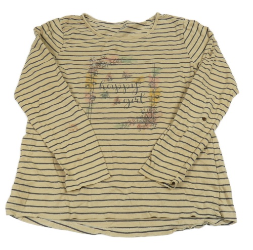 Béžovo-antracitové pruhované triko s nápisem a květy Yigga
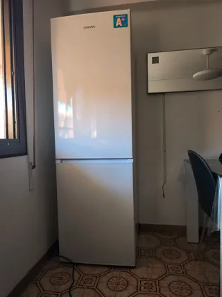 Nevera combi en color blanco. Espacio interior optimizado, los cajones tanto de la nevera como los del congelador están intactos. Funciona perfectamente, tiene una rosca para adaptar la temperatura. Enfría mucho aunque esté llena, la vendo porque me mudo a un piso que ya tiene nevera. El desperfecto que tiene es que la puerta se está oxidando por fuera pero con una capa de pintura queda como nueva.
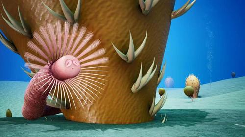 寒武纪澄江拟管虫的模拟复原图。
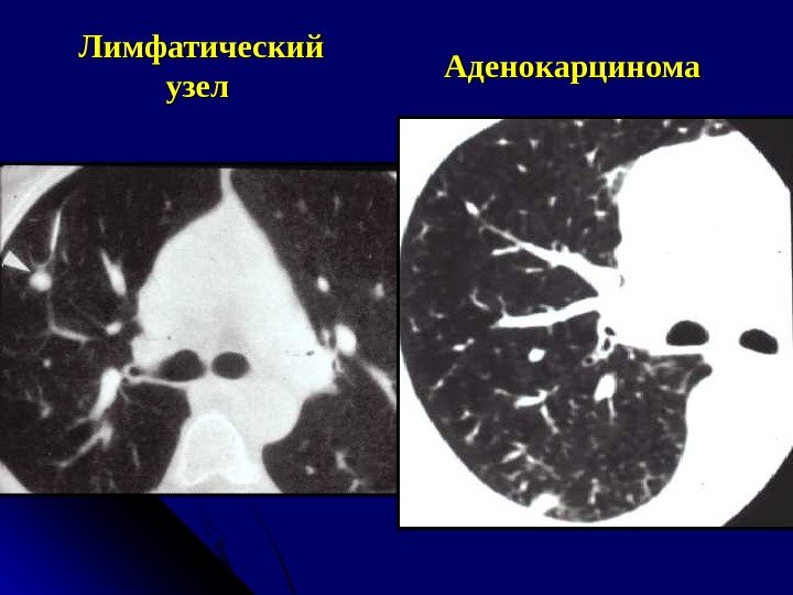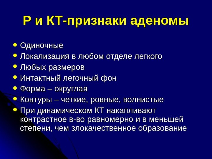 Р и КТ-признаки аденомы Одиночные Локализация в любом отделе легкого Любых размеров Интактный легочный фон Форма – округлая Контуры – четкие, ровные, волнистые При динамическом КТ накапливают контрастное в-во равномерно и в меньшей степени, чем злокачественное образование
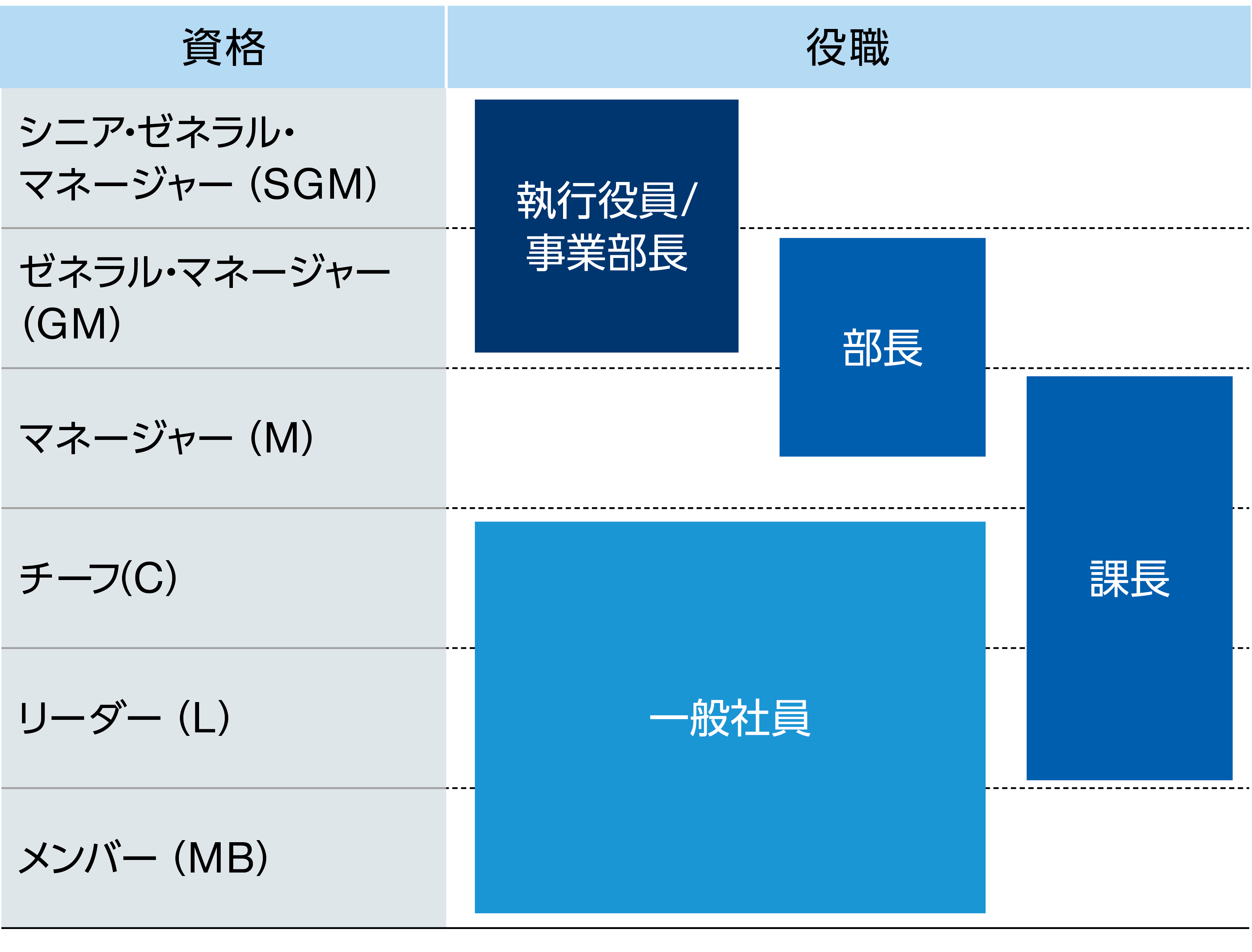 当社グループは、育成制度の中心が、資格制度と年次別研修です。資格制度では、入社するとメンバーの資格が与えられ、以降、リーダー、チーフ、マネージャー、ジェネラルマネージャー、さらにシニアジェネルマネージャーと昇格しています。この資格と役職とは分離しており、リーダーでもマネジメントの資質が認められれば課長に、マネージャーでも部長に起用されます。
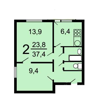 2-к. квартира, 40 м², 2/5 эт., от собственника
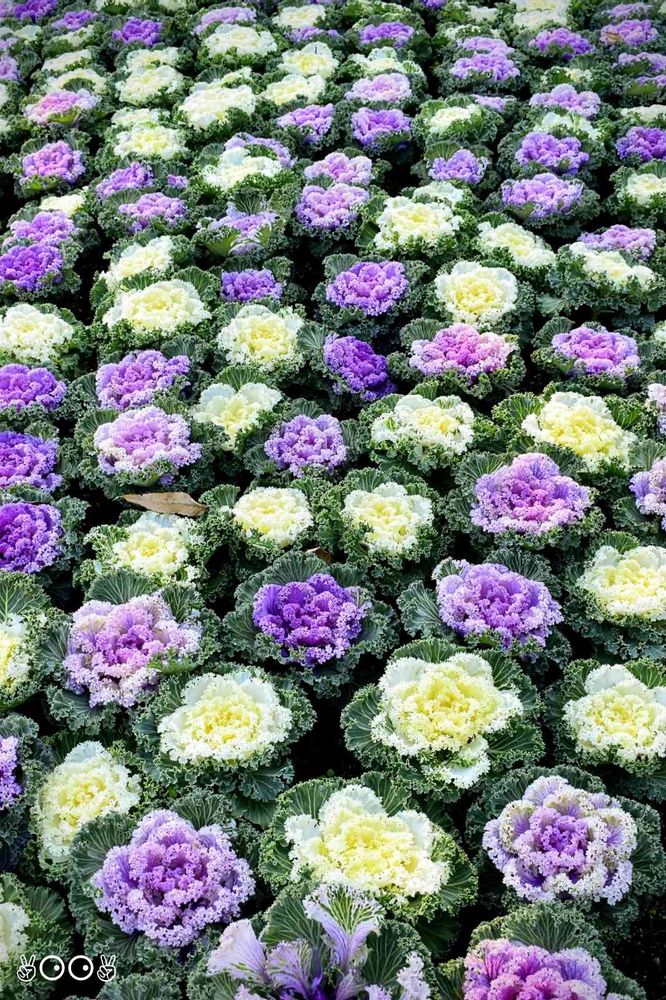 🏠で葉牡丹を育てる時、他の花と寄せ植えにしないと目立たないけど、このようにいっぱい植えると迫力あるね~~ (*^ᴗ^)
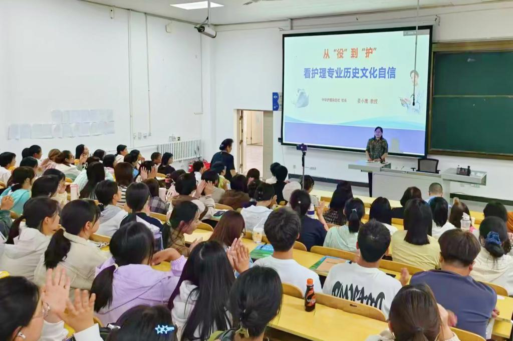 为了帮助新生了解护理学发展史,增强专业自信,激发同学们对护理专业的学习动力,9月23日上午,护理学系特邀第43届国际南丁格尔奖章获得者姜小鹰教授作《从“役”到“护”——看护理专业历史文化自信》专题讲座。本次讲座通过线上线下相结合的方式进行,护理学系党总支书记武小丽主持,护理学系主任李红梅、党总支副书记申涛、副主任申华平、分团委书记康智芳,教师、新生辅导员、学业导师以及大一新生参加。
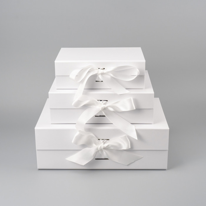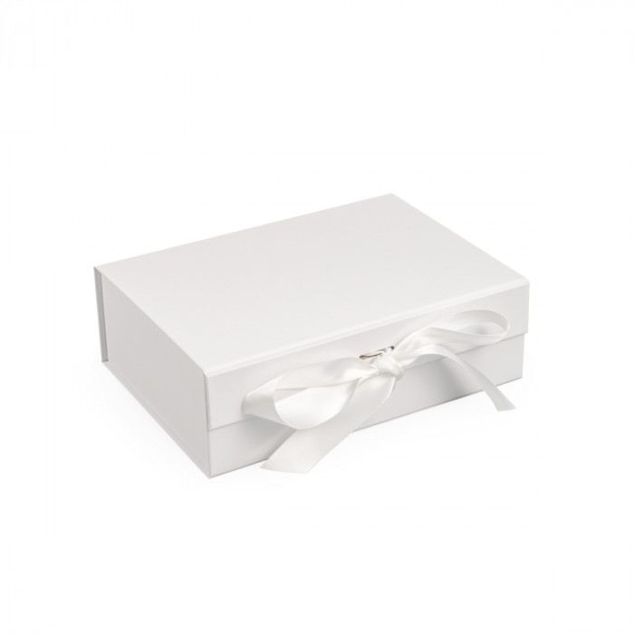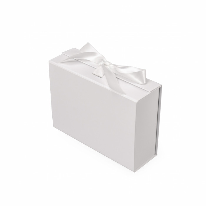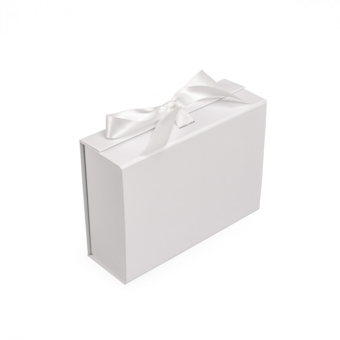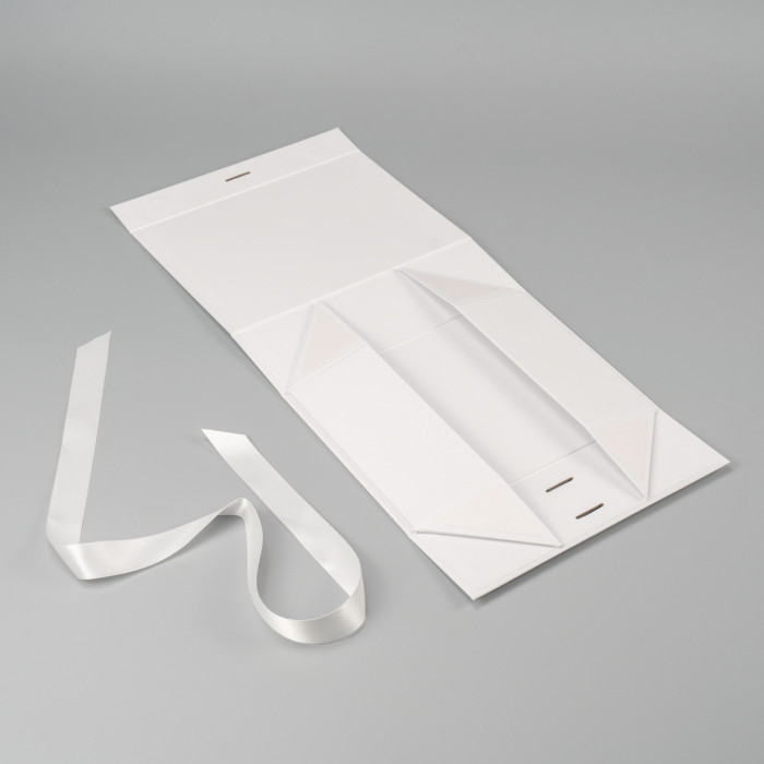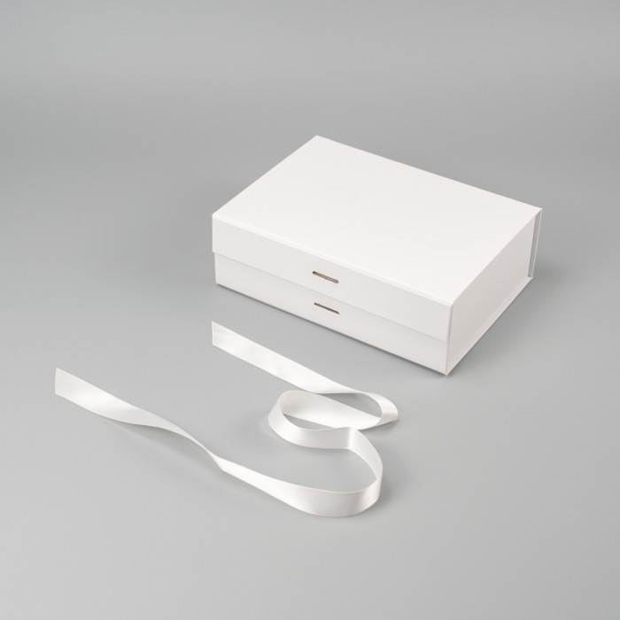 Коробка складна з твердого, переплетеного картону, вкрита дизайнерським папером, атласна лента ширина 3,5 см. Кришка на магнітах.
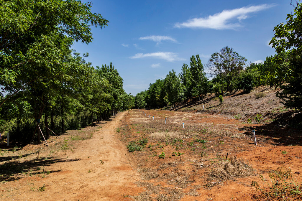 接着去崤函古道石壕段遗址,走高速约1小时10分,72公里。停车场很大,游客中心未在运作,当然就是免费的。往上爬了一段路,仍然弄不清楚到底那条路是崤函古道。回头去游客中心找洗手间,有人看守,不开放,询问了一下崤函古道的具体位置,才知道还没爬到位,于是返身再爬一次,看到一个锁上的铁门,据说外面就是崤函古道。用无人机拍了几张照片,还是将信将疑。
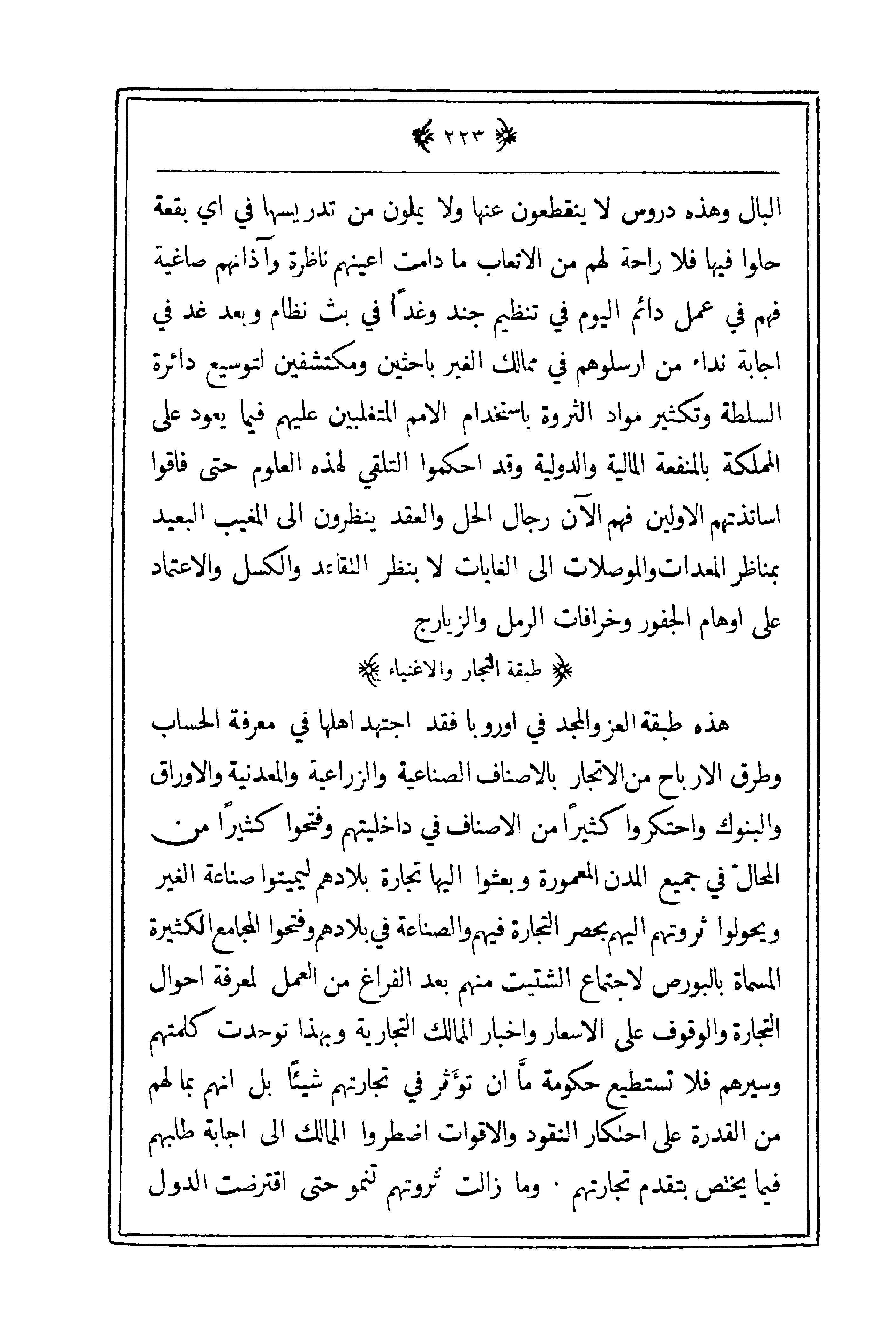 هذه طبقة العز والمجد في أوروبا فقد اجتهد أهلها في معرفة الحساب وطرق الأرباح من الإتجار بالأصناف الصناعية والزراعية والمعدنية والأوراق والبنوك واحتكروا كثيراً من

● Task prompt: The required answer is an exact, picture-free copy of the lines from the opening of the listing above through the line with "Р и КТ-признаки".

● Answer:
 Béžovo-antracitové pruhované triko s nápisem a květy Yigga
 Nevera combi en color blanco. Espacio interior optimizado, los cajones tanto de la nevera como los del congelador están intactos. Funciona perfectamente, tiene una rosca para adaptar la temperatura. Enfría mucho aunque esté llena, la vendo porque me mudo a un piso que ya tiene nevera. El desperfecto que tiene es que la puerta se está oxidando por fuera pero con una capa de pintura queda como nueva.
 寒武纪澄江拟管虫的模拟复原图。
 Р и КТ-признаки аденомы Одиночные Локализация в любом отделе легкого Любых размеров Интактный легочный фон Форма – округлая Контуры – четкие, ровные, волнистые При динамическом КТ накапливают контрастное в-во равномерно и в меньшей степени, чем злокачественное образование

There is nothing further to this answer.